We Are Not Okay
We have to make self-government work. The alternatives are unacceptable.
Violence and chaos make people seek order. Either we provide good order by championing the institutions we need to govern ourselves democratically, reasonably and compassionately, or we abandon our country to bad order (tyranny) and and even more chaos (anarchy). The Left is used to criticizing, but this moment in history requires leadership and vision.
Who Gets to Decide?
The problem with vigilantism is, “Who gets to decide?” If one person can play judge, jury and executioner for people like Brian Thompson or Charlie Kirk, then what about Melissa Horton and her husband, or perhaps Nancy Pelosi or Gabby Giffords? The United States has always fantasized about vigilante justice. Our superhero genre is all about having individuals step in and save us when the institutions of government fail. The problem is that we don’t have a Captain America in the real world. Having one person whose moral judgment is absolutely unassailable is fiction. Even in the movies, the bad guy is often someone who thinks that they are the one saving the world.

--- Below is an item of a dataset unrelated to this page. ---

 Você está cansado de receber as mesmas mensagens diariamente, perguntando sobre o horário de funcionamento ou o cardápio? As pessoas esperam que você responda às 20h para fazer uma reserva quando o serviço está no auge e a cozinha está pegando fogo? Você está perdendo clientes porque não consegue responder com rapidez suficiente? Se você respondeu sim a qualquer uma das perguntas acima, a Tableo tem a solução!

No single person should ever have absolute power, and no-one should ever feel driven to take the situation into their own hands. That is why we have democracy and societal institutions. We collectively decide what kind of society we want to live in. We choose to impose rules on ourselves to make our society safe and fair, but we get to choose the people who make those rules, and we are supposed to enforce them fairly and equally. Effective self-governance is good order. Having rules imposed on us and selectively enforced according to one person’s whim is bad order.

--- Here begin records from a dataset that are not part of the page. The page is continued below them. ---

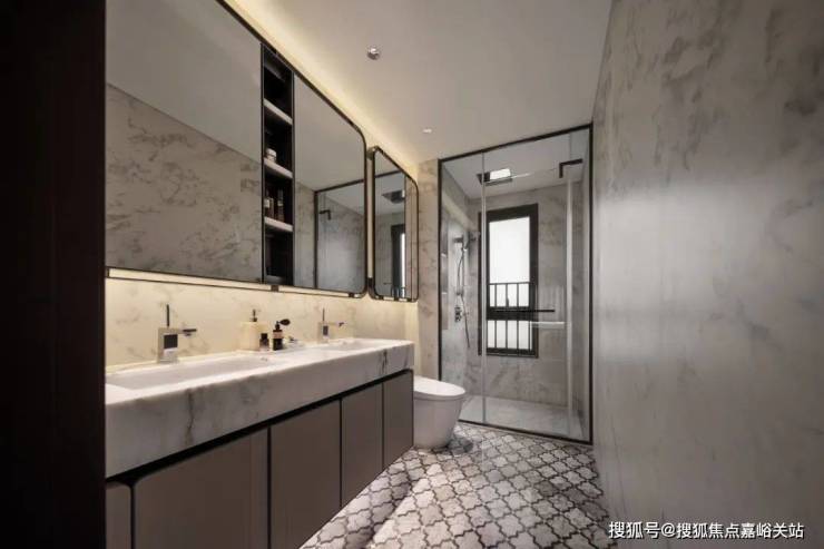 细节方面,主卧套房设计,保证了私密性。主卫的双台盆设计更是相当贴心。能实现男女主人共同洗漱的温馨场景。
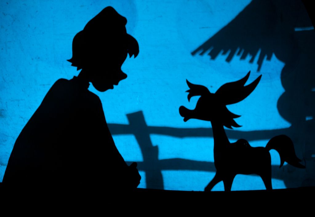В спектакле используются русские теневые куклы, чья особая конструкция была разработана специалистами Московского детского театра теней.
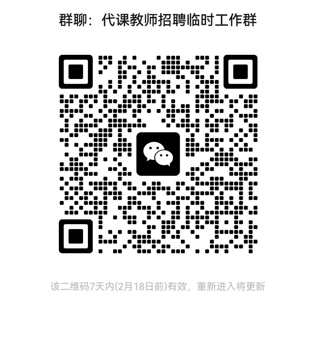(2)报名时间:2月12日—21日(发送简历即为网上报名)。报名者扫二维码进入临时建立的招聘群。

We have a Constitution. Our founders came together and set up a basic framework by which this nation would self-govern. They included things like due process and checks and balances, because they were very, very focused on preventing the abuse of power. We all need those institutions to work. The problem is that, for too long, we have allowed people who don’t want government to work to convince Americans that government itself is inherently bad. We have become accustomed to criticizing government when people use it to do wrong or don’t live up to our ideals. The problem is that if we’re not out there making the case for good government, nobody is.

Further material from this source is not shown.